*TASK:*
Without any pictures, print the lines below from the one that has "4) Idite u postavke" through the one that has "- Внутри малыша", exactly and nothing else.

STUDY MATERIAL Block Start

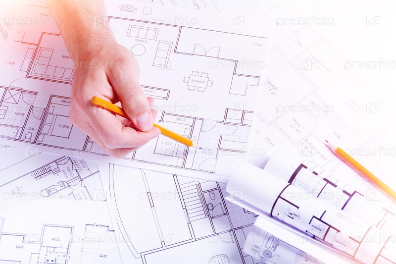 Руки строителя на фоне плана дома. Планирование строительства. Составление сметы
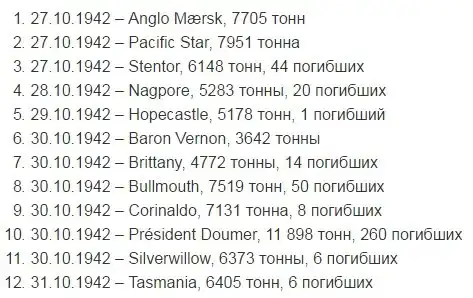 разгрома конвоя SL-125 — на его счету три судна на 23 245
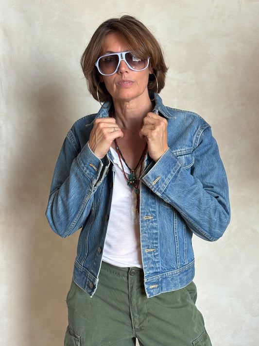 Vintage 80s Lee Denim Jacket | 2-Pocket Classic Blue Jean | Made in USA | Size 36US / 46EU | AJ357 Studio
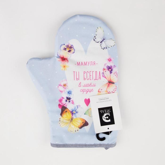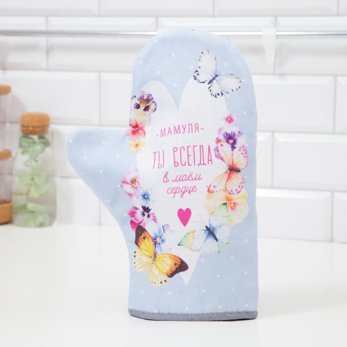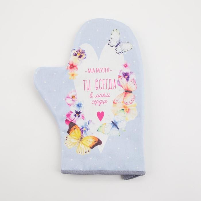 Варежка-прихватка «Мамуля» 20х28см, саржа, 100% х/л, ватин 250г/м2
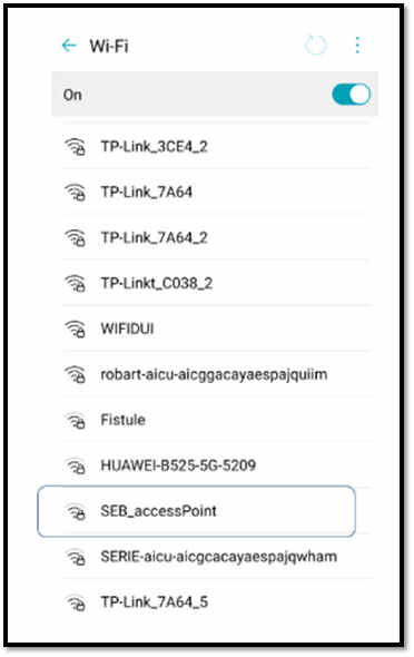 4) Idite u postavke telefona i potvrdite da vidite Wi-Fi mrežu pod nazivom 'SEB_accessPoint' (snimak ekrana u nastavku).
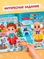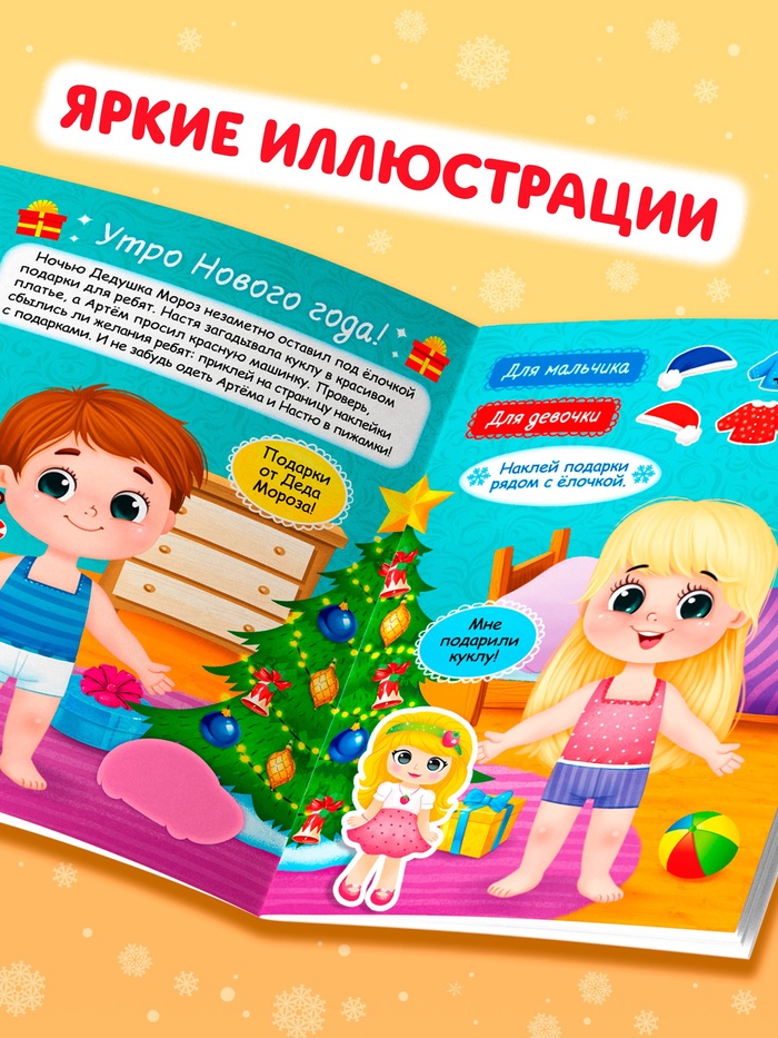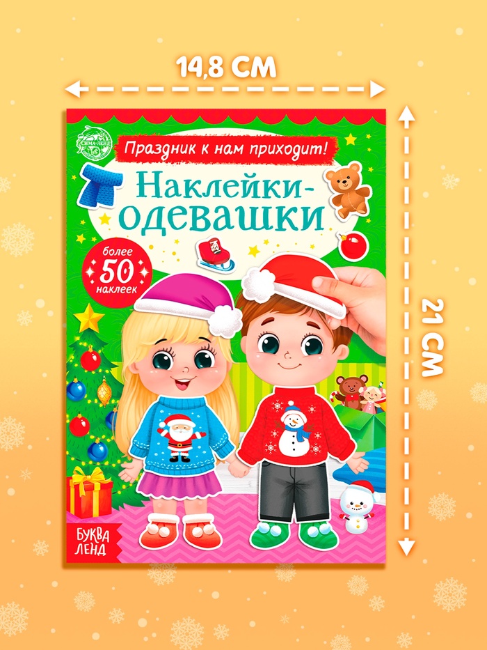 - Внутри малыша ждёт более 50 наклеек в виде одежды, аксессуаров и новогодних украшений.
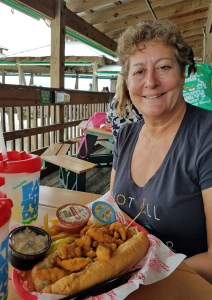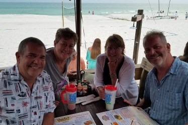 My brother Jeff and sister-in-law Vickie (you will recall them from our cruise posts) joined us for a few days and we had a total blast. Our mission was a search for the best oysters around, plus some good snorkeling. But first we had to hit our favorite beach bar Sharky’s for grouper sandwiches and drinks. It was as good as ever, with a table at the rail along the beach. So of course there is a bit of a story, too. Jeff ordered a frozen margarita and was asked “large or small?” Large of course, and it arrived in a big plastic beer stein with a lid. Okay then. I ordered a ‘Shark Attack’ for Jackie and I to split, large of course, and got the same plastic mug. Cool. Well, during dinner we learned that refills were cheaper if you had the mug, so heck, why not? Even better, the mugs were good at two other spots that had the Fat Tuesdays bar setup. So keep that tidbit in mind for later.
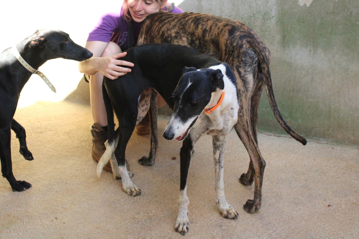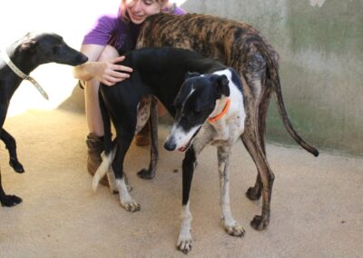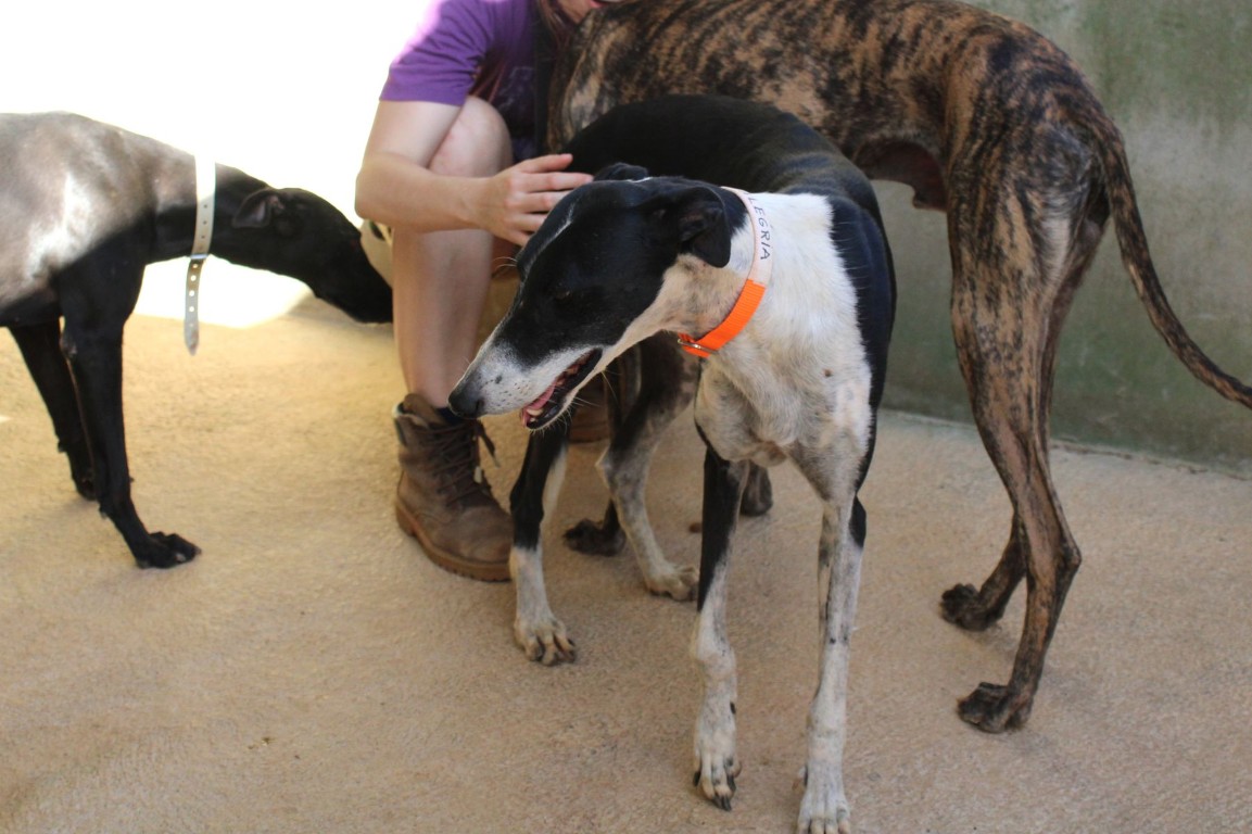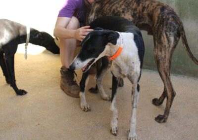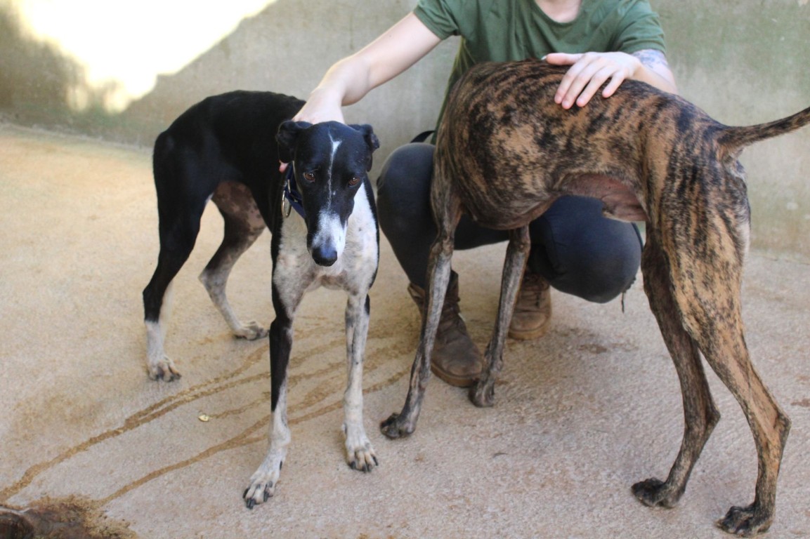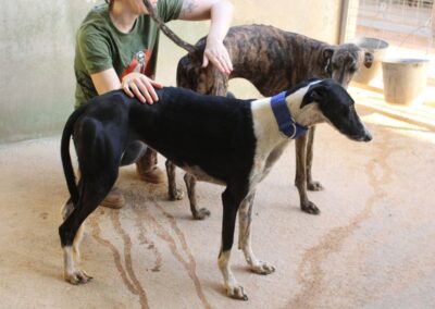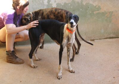 Alegría est une galga très douce, calme et sociable 💕 Elle s’entend à merveille avec ses compagnons de box, et les autres chiens seront essentiels à son équilibre et son épanouissement 🐶
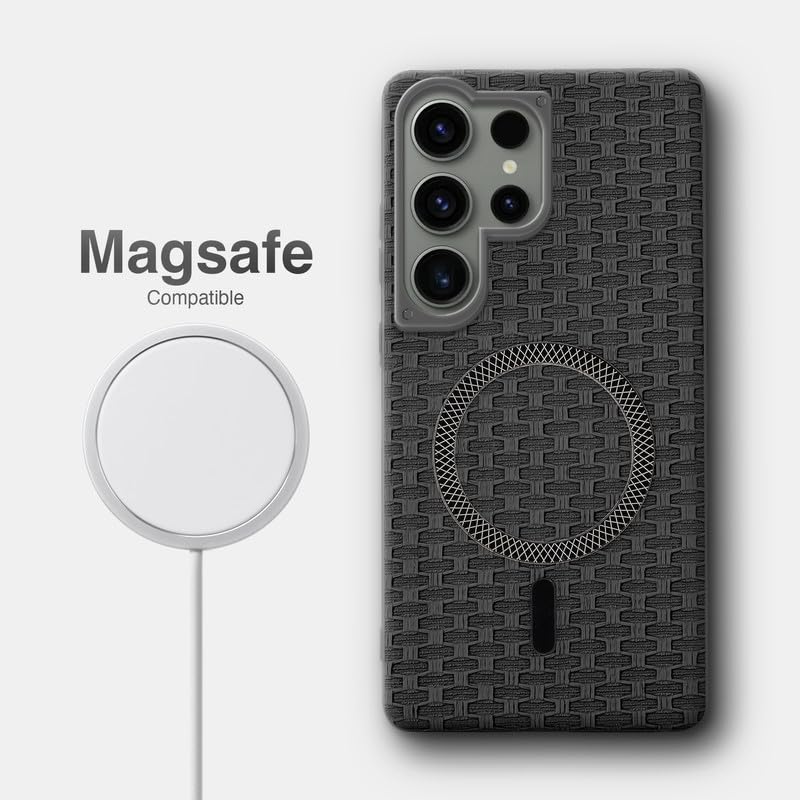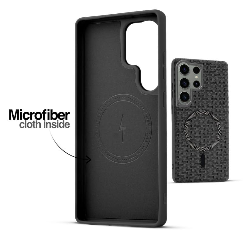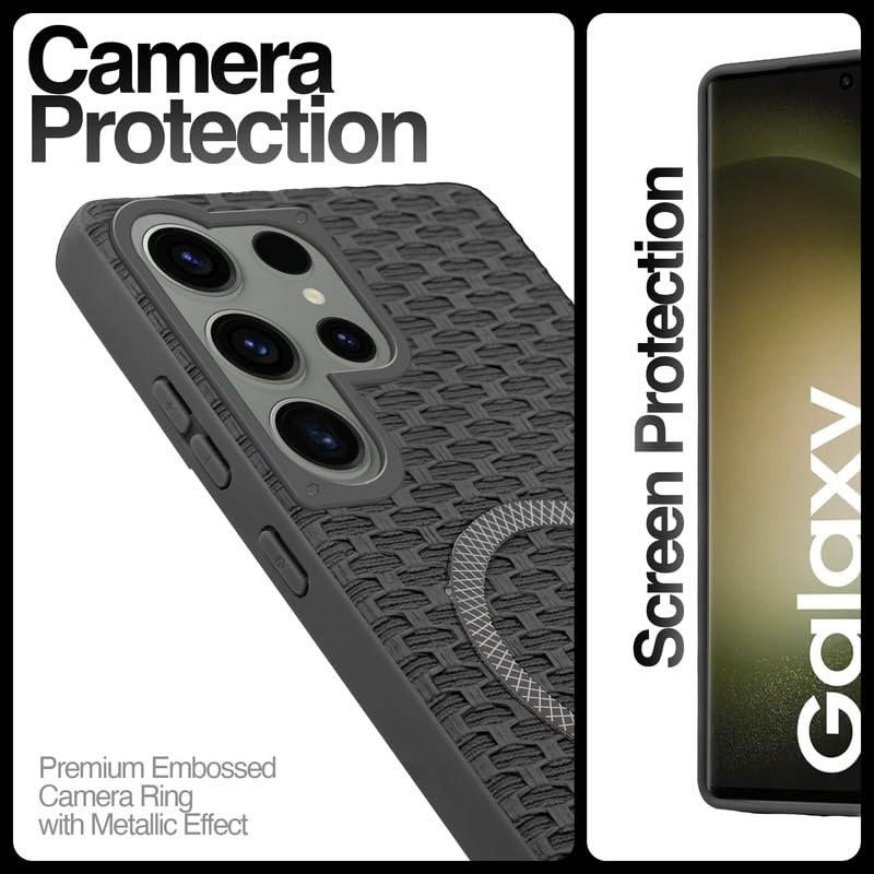 Elevate your Samsung S23 Ultra 5G protection with the Mr. Case Woven Pattern Back Cover : a perfect blend of style, durability, and functionality. Featuring a sophisticated woven texture print, this case offers a unique look that stands out from the crowd while providing excellent grip and anti-slip performance. Made from flexible silicone material, this case provides reliable shock absorption and protection against everyday drops, scratches, and bumps. Its magnetic charging support allows seamless use with wireless charging accessories without the need to remove the case. Designed specifically for your phone, it offers precise cutouts for easy access to all ports, buttons, and cameras. Whether you’re streaming, gaming, or taking calls, this durable and stylish case keeps your phone safe and looking sharp.

STUDY MATERIAL Block End

*EXERCISE ANSWER:*
 4) Idite u postavke telefona i potvrdite da vidite Wi-Fi mrežu pod nazivom 'SEB_accessPoint' (snimak ekrana u nastavku).
 - Внутри малыша ждёт более 50 наклеек в виде одежды, аксессуаров и новогодних украшений.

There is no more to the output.